How to iterate quickly in Jupyter notebooks and run large-scale experiments as Python scripts on OSC.

Overview¶

A common research workflow looks like this:

Explore and prototype in a Jupyter notebook (small data, quick feedback)
Convert working code into a parameterized .py script
Run experiments at scale via SLURM batch jobs on OSC

This page walks through each stage with concrete examples.

graph LR
    A[Jupyter Notebook<br/>Prototype & Debug] --> B[Python Script<br/>Parameterize & Clean]
    B --> C[SLURM Batch Job<br/>Run at Scale]
    C --> D[Notebook<br/>Analyze Results]

Stage 1: Prototype in a Notebook¶

Launching Jupyter on OSC via OnDemand¶

The easiest way to use notebooks on OSC is through the OSC OnDemand portal:

Log in at ondemand.osc.edu
Navigate to Interactive Apps > Jupyter
Select your project account, number of cores, and time limit
Click Launch and wait for the session to start
Click Connect to Jupyter when the session is ready

Use debug resources for prototyping

When iterating on code, request minimal resources (1-2 cores, 1 GPU if needed, 1-2 hours).
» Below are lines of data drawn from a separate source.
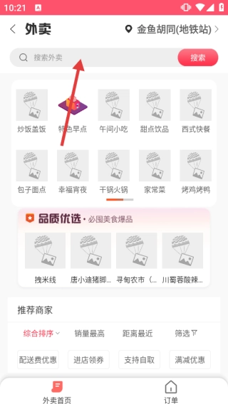 2、在【外卖】页面顶部的搜索框中,输入你想点的外卖相关关键词,然后点击【搜索】按钮即可查找对应的商家。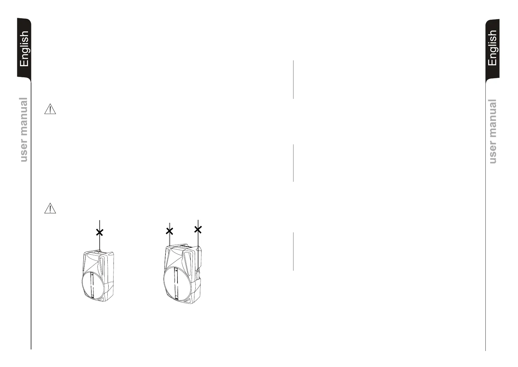 Never use the handles to hang the speaker!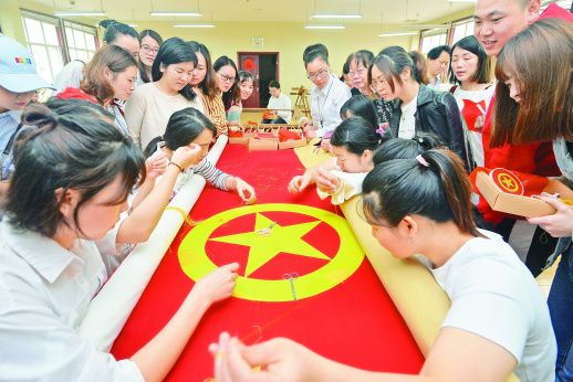 4月20日,湖南省湘绣研究所,青年人在绣制团旗。当天,来自多个行业的100名优秀青年走进湖南省湘绣研究所,学习湘绣的基础技法,共同完成一幅手工绣制的巨幅团旗,纪念五四运动100周年。 湖南日报记者 李健 摄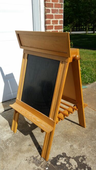 Solid oak childs easel with dry erase whiteboard on one side, blackboard on the other. Storage compartment for chalk, paint and markers in the top. Cash only. Firm.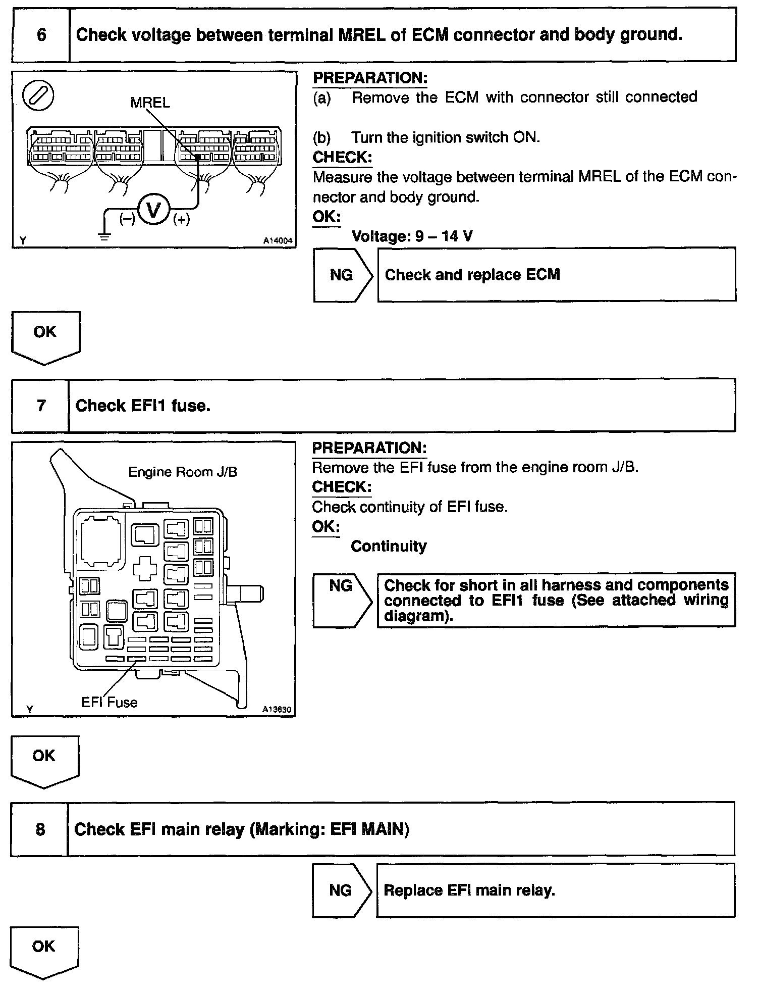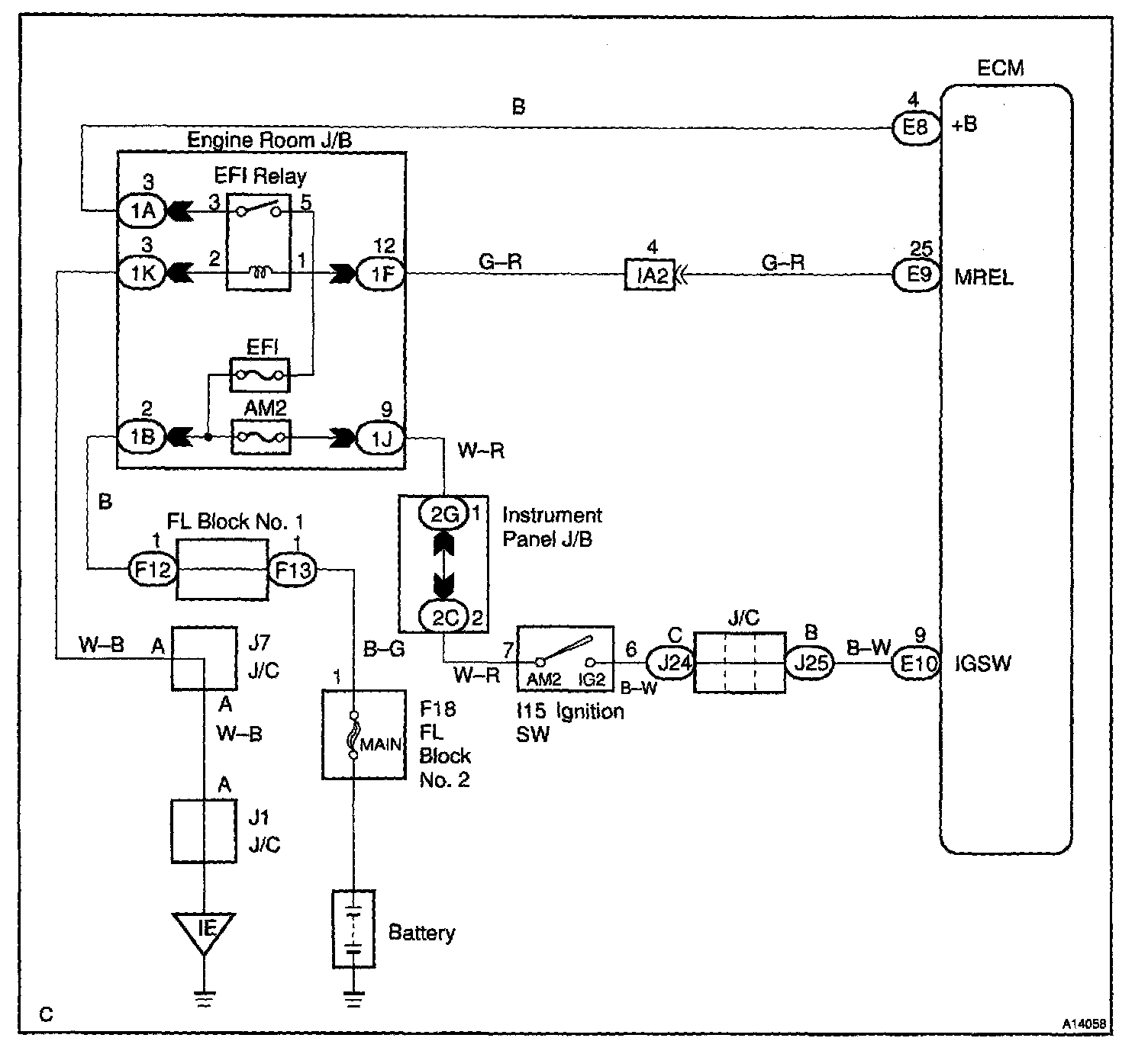 This signal causes current to flow to the coil, closing the contacts of the EFI main relay and supplying power to terminals +B of the ECM.
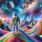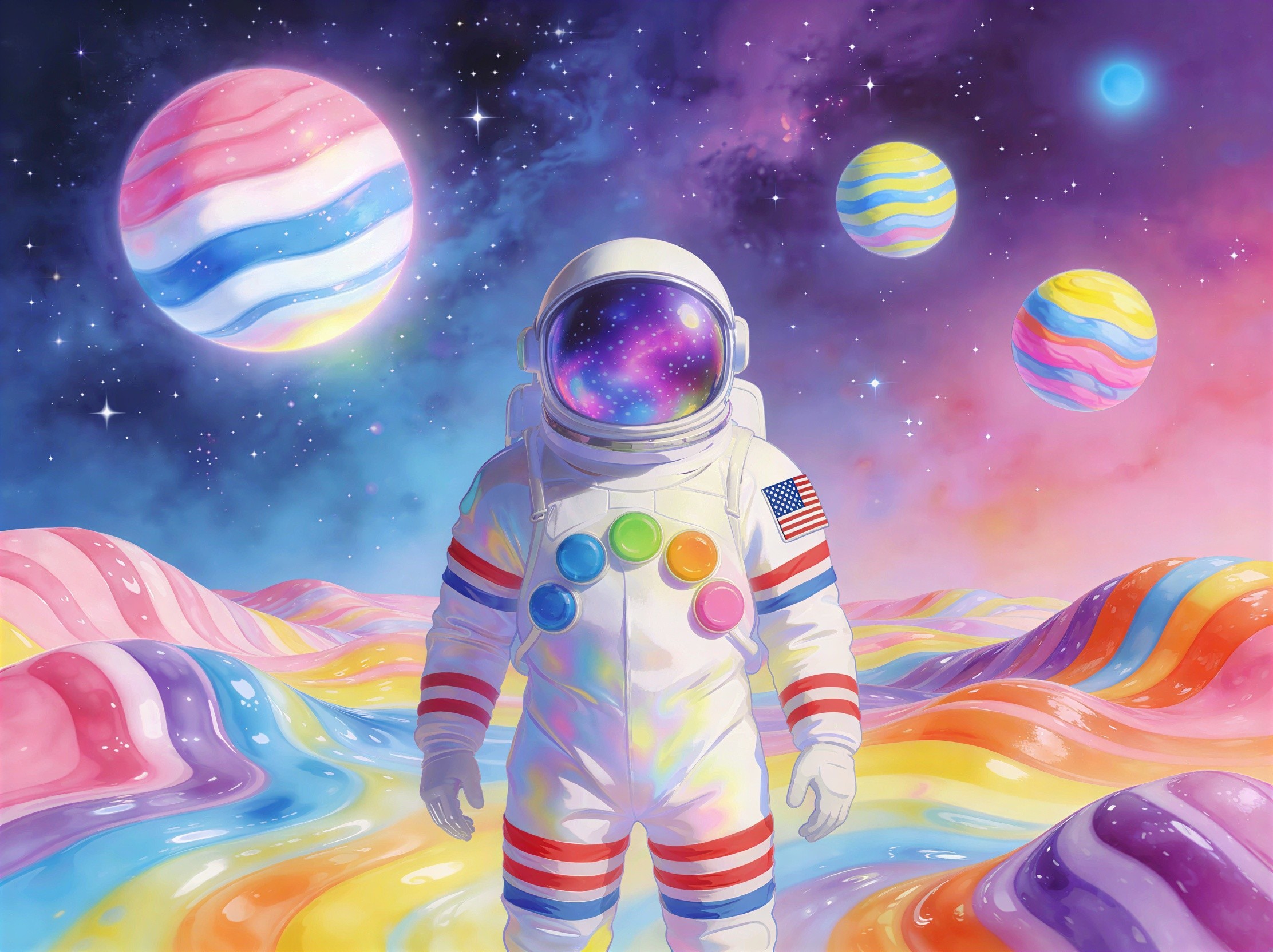 An astronaut stands on a vibrant, rainbow-colored landscape made of glossy, wavy hills in a surreal, candy-themed space scene. The astronaut's white suit has red and blue stripes on the arms and legs, a patch of the American flag on the left shoulder, and four colorful circular buttons
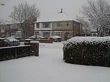The first snow fell on 17 December 2009, before a respite over the Christmas period.[2] The most severe snowy weather began on 5 January in North West England and west Scotland with temperatures hitting a low of −17.6 °C (0.3 °F) in Greater Manchester, England.[3] The snow spread to Southern England on 6 January and by 7 January the United Kingdom was blanketed in snow,[2] which was captured by NASA's Terra satellite.[4] The thaw came a week later, as temperatures started to increase.[2]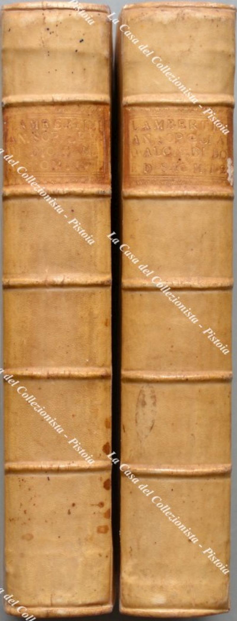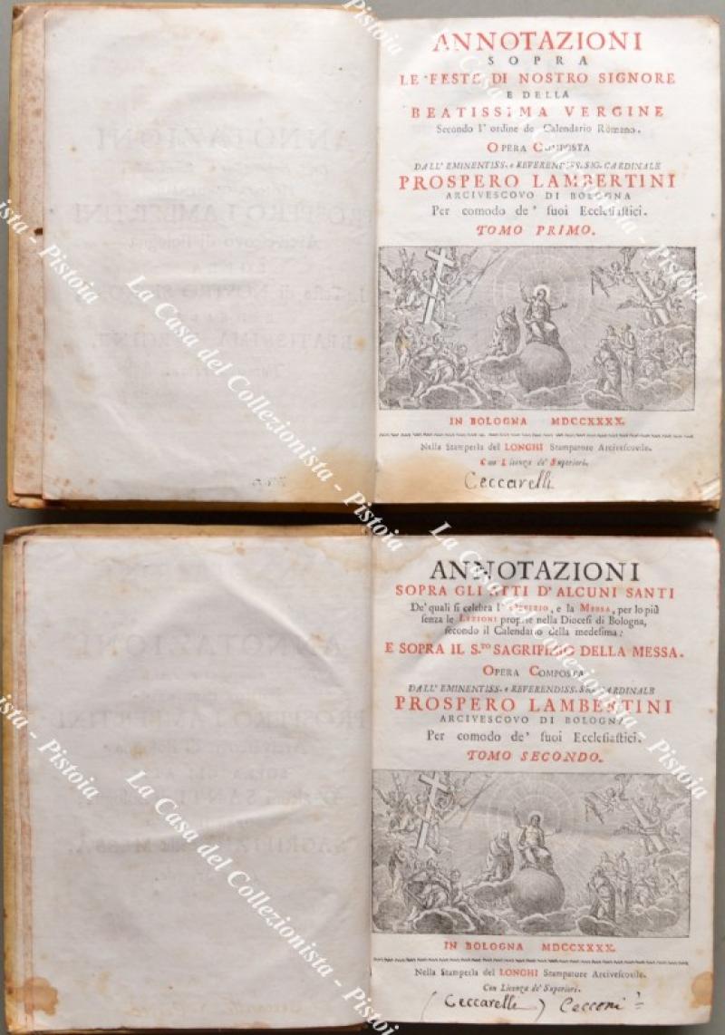 (Feste religiose – ‘700) LAMBERTINI PROSPERO (Papa Benedetto XIV).ANNOTAZIONI SOPRA LE FESTE DI NOSTRO SIGNORE E DELLA BEATISSIMA VERGINE SECONDOL’ORDINE DEL CALENDARIO ROMANO. Bologna, Stamperia del Longhi, 1740. In 8° (cm 17,5x25), belle legature in piena pergamena coeva (minimi segni’uso) con nervi e tit. in oro ai dorsi. Due volumi di pp. XXX + XIV + 633 e pp. 12 non numerate + 668.Legature solide, frontespizio in rosso e nero,tagli spruzzati, interni in buona conservazione eccetto qualche ingiallimento e debole alone,macchiate le pp. 554/556 del secondo volume. (Rif.D3468-76)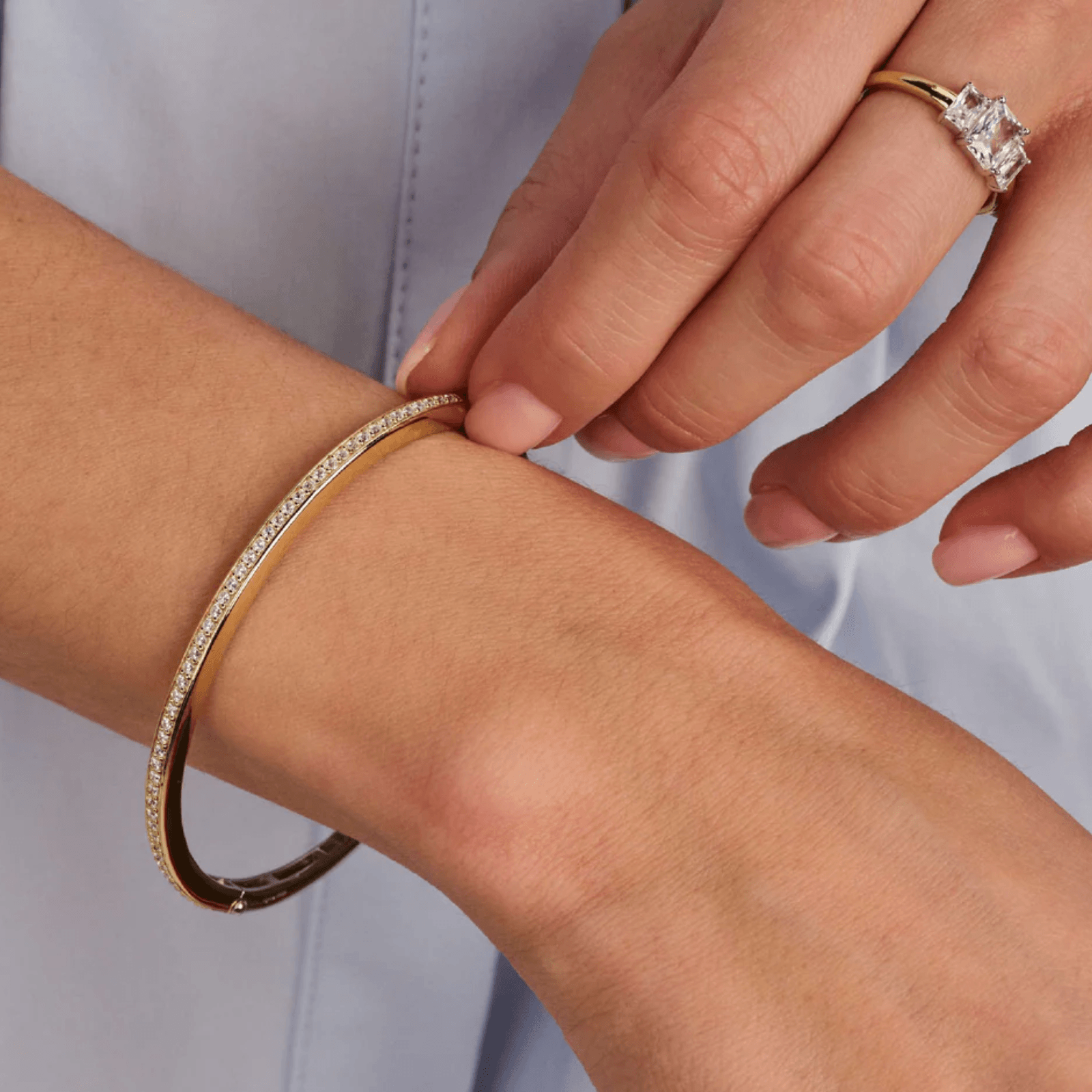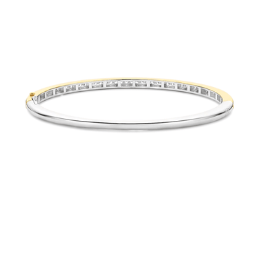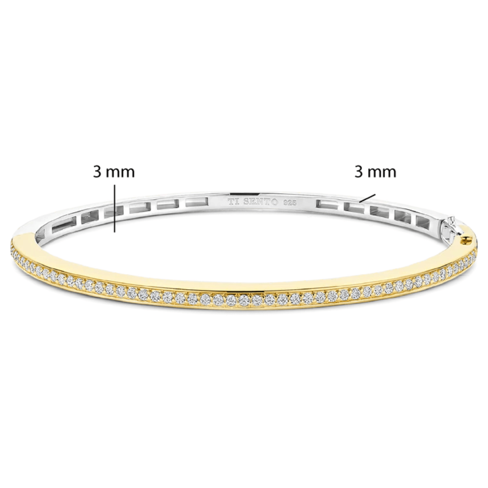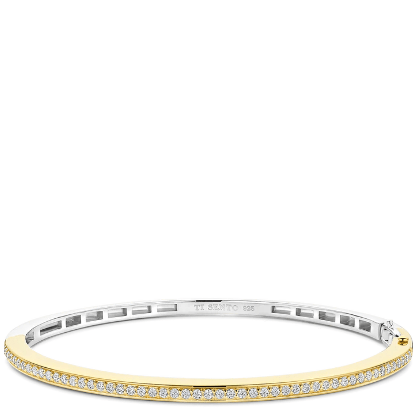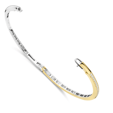 This bold crossover bangle bracelet is crafted from high-quality 925 sterling silver and features a strong, modern design. The bracelet consists of two intersecting bands: one smooth 18k gold-plated band and one band set with sparkling zirconia stones.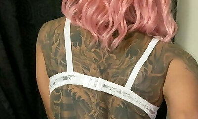 Gorgeous Milf in tattoos with pierced tongue and nipple. HOT.

Save large allocations for production runs.

Prototyping Best Practices¶

Keep your notebook focused on experimentation:

# Cell 1 — Imports and configuration
import torch
import torch.nn as nn
from torch.utils.data import DataLoader
import matplotlib.pyplot as plt
import numpy as np

# Use a small subset for fast iteration
DATA_DIR = "/fs/scratch/PAS1234/$USER/datasets/my_data"
SUBSET_SIZE = 500   # Small subset for prototyping
DEVICE = "cuda" if torch.cuda.is_available() else "cpu"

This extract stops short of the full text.